Flogger is Google's fluent logging API for Java. While it offers a fluent API and some structured logging features, it has significant performance drawbacks:
Benchmarks from the slog repository (JMH, higher ops/μs is better, lower B/op is better):
Disabled path (log level is off — measures the cost of checking the level):
| Library | ops/μs |
|---|---|
| slog | 1005.4 |
| Log4j2 | 413.1 |
| SLF4J | 367.5 |
| Flogger | 360.3 |
slog's disabled path is 2.4× faster than Log4j2 and 2.8× faster than SLF4J/Flogger. This matters because the vast majority of debug/trace log statements are disabled in production.

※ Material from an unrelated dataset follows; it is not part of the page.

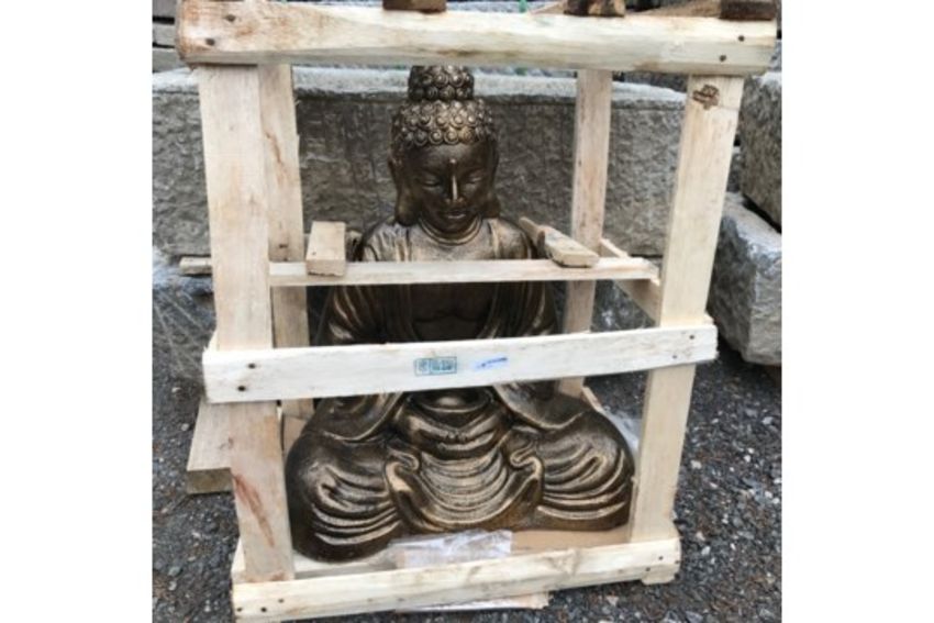 CRATED HANDFIRED TERRECOTTA BUDDHA SITTING IN BRONZE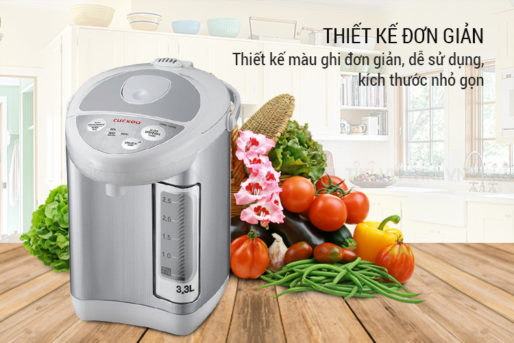Thiết kế đơn giản Bình thủy điện Cuckoo CWP-333G được thiết kế màu ghi đơn giản, dễ sử dụng, kích thước nhỏ gọn nên không chiếm nhiều diện tích không gian sử dụng. Chất liệu cao cấp Thân bình được làm từ hợp kim nhôm cao cấp, có độ sáng đẹp, chịu lực, chịu nhiệt tốt, hạn chế sự bám bụi, giúp chị em nội trợ bảo quản dễ dàng. Chất liệu ruột bình được làm từ inox cao cấp, không gỉ, đảm bảo an toàn sức khỏe người dùng và tuổi thọ lâu dài của sản phẩm. Chức năng tự động giữ ấm Bình thủy điện Cuckoo CWP-333G có khả năng tự giữ ấm ở nhiệt độ 85 độ C sau khi đun sôi mà không cần đun lại, đáp ứng nhiều nhu cầu khác nhau cho mọi thành viên trong gia đình. Điều khiển bằng phím bấm điện tử Hệ thống điều khiển bằng phím bấm điện tử, giúp bạn dễ dàng sử dụng ngay cả khi lần đầu tiếp xúc. Ngoài ra, bạn có thể dễ dàng rót nước bằng nút bơm điện tử, khóa an toàn khi nước đang nấu, mực nước hiển thị để kiểm soát dung tích nước cần thiết.

Enabled path (log level is on — measures the cost of formatting and emitting a log message with 2 key-value attributes):
| Library | ops/μs |
|---|---|
| slog (simple) | 24.6 |
| Log4j2 (simple) | 14.6 |
| slog (fluent) | 13.2 |
| slog (fluent+ctx) | 12.0 |
| SLF4J (simple) | 11.2 |
| SLF4J (fluent) | 4.2 |
| Flogger | 0.7 |
slog is the fastest in both simple and fluent modes. Flogger is 18–35× slower than slog.

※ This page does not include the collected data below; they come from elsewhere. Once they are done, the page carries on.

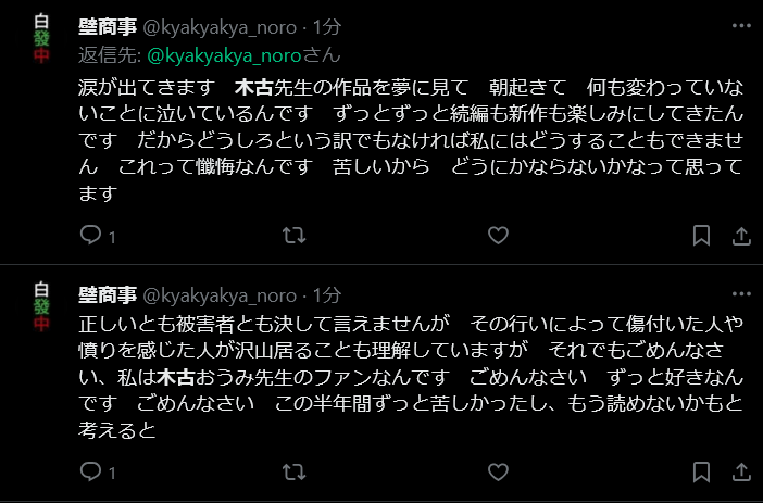 | … | 773無念Nameとしあき26/02/13(金)02:42:20No.1386980228そうだねx3>そういや半年前は出版社が守ってくれるみたいなこと裏垢で言ってたけど結局どうなったの? |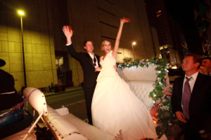 At the end of the night, the two rode off from their ballroom reception in a carriage. “The night went by in a flash. I was so sad when it ended because I wanted to spend more time with all of my family and friends in one room. Those are the memories I remember —being with my favorite people and marrying my favorite person. And now we get to share our photos with our two daughters and they love seeing their parents and relatives having so much fun,” she says.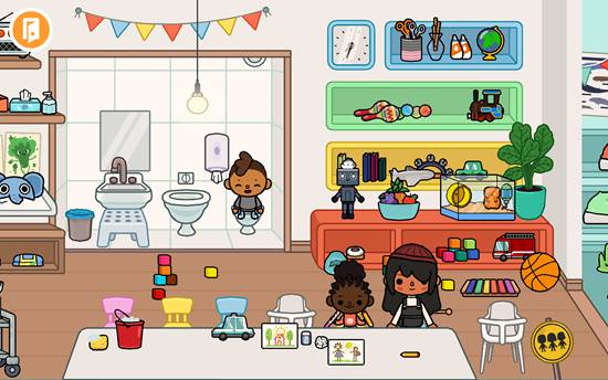 又或者点击左上角的退出房间按钮,去到自己的家中,可以看到也有很多小朋友,点击任何人物或者物品都可以移动。

Allocation rate (bytes allocated per log operation):
| Library | B/op |
|---|---|
| slog (simple) | 0 |
| Log4j2 (simple) | 24 |
| SLF4J (simple) | 24 |
| slog (fluent+ctx) | 40 |
| slog (fluent) | 80 |
| SLF4J (fluent) | 1104 |
| Flogger | 1624 |
slog's fluent API allocates 6× less than Log4j2's fluent API, 14× less than SLF4J's fluent API, and 20× less than Flogger. Since structured logging requires the fluent API, this is the most relevant comparison for this PIP's use case.
The managed-ledger module has already been fully migrated as a proof of concept, converting all source and test files
(54 files, ~400 log statements). The migration reduced total lines of code (1481 additions vs 1392 deletions) while
making every log statement more informative and consistent.